Motor imagery (MI) is considered as an active process during which the representation of specific action is internally reproduced within working memory without any overt movement and muscle contraction1). Physical therapy using MI can improve motor function for healthy subjects and central nerve disorders2). Many neurophysiological studies demonstrated the brain activity during MI; the primary motor area (M1), supplementary motor area (SMA), premotor area (PM), primary somatosensory area (S1), cingulate area (Cg), cerebellum (Cb), and basal ganglia (BG)3,4,5,6). Corticospinal excitability during MI may result from an increase in the MEP amplitude as measured by transcranial magnetic stimulation (TMS)7).

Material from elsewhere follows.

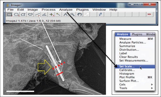 Fig. 2. Illustration of the steps required for the measurement of the callus size at the fractured site using ImageJ. After setting the scale, the straight selection tool was selected to drag a line over the bone and callus (solid red and dotted red lines, respectively). By selecting the measure tool from the Analyze tool bar, the lengths of the two lines were determined. Actual size of the callus=Diameter of the callus (at the fracture line) – Diameter of the normal bone. CT scan procedureThree rabbits from each group were euthanized on the 30th day post-operation. Then, the femur bone of the operated limb was carefully detached using a scalpel blade. The detached femurs were immersed in 10% formalin for approximately 24 hours and then transferred to the hospital for CT-scan imaging. The three femur bones of each group were arranged alongside each other within a CT scan tube, and the images were taken using an electron beam-type CT scan device (Optima company). Finally, the images were taken, and a three-dimensional format was used to assist in the observation of callus formation. Histological examinationThe femur bones were dissected from the surrounding soft tissue and fixed in 10% formalin for microscopic evaluation. Histological examination was carried out on samples of each group at 10th, 14th, 20th, and 30th post operation days for assessment of bone healing and consolidation. The samples were routinely prepared for Hematoxylin and Eosin stain (H&E). Statistical analysisGraphPad Prism (version 9.3.1) software was used for data presentation and statistical analysis. Normally distributed data (Shapiro-Wilk test) were analyzed by one-way or two-way analysis of variance (ANOVA) with Tukey’s post hoc test. Data failing the Shapiro–Wilk normality test were analyzed using Kruskal–Wallis one-way analysis of variance on ranks with a post hoc Tukey test. All results are presented as mean ± S.D, and p values of < 0.05 were considered statistically significant. Ethical approvalAll the procedures and approaches of this study were conducted and approved by the College of Veterinary Medicine Research Committee according to the principles of ethics. The data were collected and studied in accordance with other recorded retrospective clinical studies in agreement with an authorized institution. ResultsRadiological examinationObservation of radiographic assessment images at 10th, 20th, and 30th days post-operation has shown that the processes of bone healing and calluses formation were not indistinguishable between the groups, and various amounts of bone calluses were found at the fracture site. Although the calluses were less evident 10 days postoperatively, small areas of radiolucent or soft calluses were observed around the fractured lines, particularly in group B. The tissue around the fracture lines became hypertrophied and slightly radiopaque, possibly due to reorganization of the implanted bone graft. The fractured lines started to almost disappear at 20 days of the operation in the treatment groups, and the radiopacity and the number of calluses were greater than those in the control group. In addition, there was a complete formation of the hard callus around the fractured site at 30th day post the operation. However, the callus was completely radio-opaque and uniform in the treatment groups (A and B) compared with the control group. In the control group, the callus developed, but the amount and radio-opacity were lesser than in groups A and B, and the fractured line was still present. Nevertheless, the number of calluses apparently differed between groups A and B. In group B, the amount of callus and the degree of radio-opacity were slightly greater than in group A. To validate these differences, these specimens were scanned using a more precise machine (computed tomography) for complete clarification of the process of bone healing, as mentioned in the next section. ImageJ and statistical analysisAccording to our ImageJ criteria based on measuring the width and size of the calluses at the 10th, 20th, and 30th days of the operations on the radiographic images, it was found that the sizes of the calluses increased progressively in each group from 10th day to the 30th day after the operation. The average size of the callus was statistically analyzed using two-way ANOVA, with the p value < 0.05 considered statistically significant (Tables 1 and 2). Table 1. Sizes of the calluses (millimeters) in the control, PRP group) and Group B (PRP and Bone graft group) at 10th, 20th and 30th days post-operation on radiographic images using ImageJ.

However, these studies could not determine the H-reflex and F-wave measurements as indices of the excitability of spinal motor neurons during MI7,8,9,10,11). In our previous study, the excitability of spinal motor neurons during MI under maximal voluntary contraction of 50% (50% MVC) was similar compared with that under 10% and 30% MVC12). Also, a few reports have examined changes in the excitability of spinal motor neurons during MI of muscle contraction using different contraction strengths. In present study, we investigated the effect of MI of muscle contraction under 50% and 100% MVC on spinal motor neurons excitability by analyzing F-wave.

SUBJECTS AND METHODS

Subjects

In present study, we included 15 healthy subjects (males, 13; females, 2; mean age, 25.3±5.04 years). All subjects provided informed consent prior to the study’s commencement. This study was approved by the Research Ethics Committee at Graduate School of Kansai University of Health Sciences (14-18). The experiments were conducted in accordance with the Declaration of Helsinki.

Methods

Subjects were instructed to fix one eye on the pinch meter display (Unipulse, Digital indicator F304A) throughout the test while in the supine position. To maintain the skin impedance below 5kΩ, an abrasive gel was applied. The room temperature was maintained at 25 °C. F-waves were recorded by electromyography [VIASYS; Viking Quest electromyography machine (Natus Medical Inc.)]. After stimulating the left median nerve at the wrist, we recorded the F-wave of the left thenar muscle with a pair of round disks attached to the skin with a collodion. The disks were placed over the muscle belly and on the thumb metacarpophalangeal joint. The electrodes comprised of a cathode placed over the left median nerve 3 cm proximal to the palmar crease and an anode placed 2 cm further proximally. The maximal stimulus was determined by delivering 0.2-ms square-wave pulses of increasing intensity to elicit the largest compound muscle action potentials. Supramaximal shocks (adjusted up to the value 20% higher than the maximum stimulus) were delivered at 0.5 Hz for acquisition of F-waves. The bandwidth filter ranged from 2 Hz to 3kHz.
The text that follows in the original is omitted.